Article 3G6D3 Don’t feed the fatberg! What a slice of oily sewage says about modern life

Don’t feed the fatberg! What a slice of oily sewage says about modern life

by
Stephen Moss
from Environment | The Guardian on (#3G6D3)

A chunk of the monster Whitechapel fatberg is now a superstar museum exhibit. It shines a horrifying light on our throwaway age - but will it stop people clogging up the sewers with the grease from their Sunday lunch?

The fatberg that went on display this month at the Museum of London is proving something of a sensation. Visitor numbers have more than doubled; there is a palpable air of half-term excitement when I visit; and the fatberg fudge - modelled to look like the rough-hewn fatberg brick, with little raisins to represent flies (or something worse) - has sold out. The museum has hit on an unlikely goldmine.
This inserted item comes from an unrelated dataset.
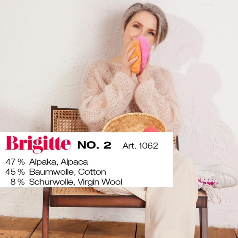 - Noble material combination for year-round comfort: Brigitte No.2 combines the softness of alpaca, the coolness of cotton and the warmth of virgin wool to create a yarn valued for its exceptional comfort and versatility. Ideal for projects that bring joy all year round.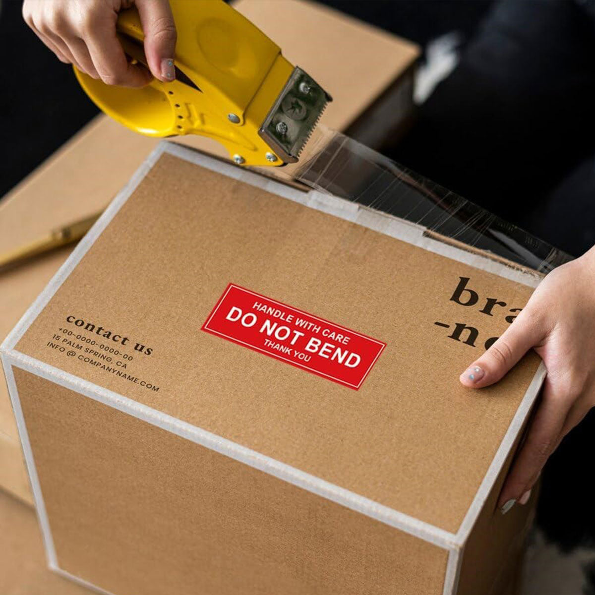 These fragile warning label stickers are designed to help protect delicate items during packaging, storage, and transport. Each roll includes clear red labels with white text for easy visibility. Made with water-based adhesive, the stickers bond securely to various surfaces and are suitable for marking packages that require careful handling.

Unsurprisingly, curator Vyki Sparkes is looking pretty pleased with herself, and is already talking about a world tour for her prized object - a slice of the giant Whitechapel fatberg discovered last year. There is just one problem: no one knows if it will survive. It is already changing colour as it continues to dry out, and Sparkes is worried that it may start to disintegrate. It is due to be on show at the museum until July. Best come early to avoid disappointment. But, for now, it is an undoubted triumph, raising the question "what is art" - can hardened sewage in a glass case have aesthetic value? - and confronting us with the environmental destructiveness of our throwaway age.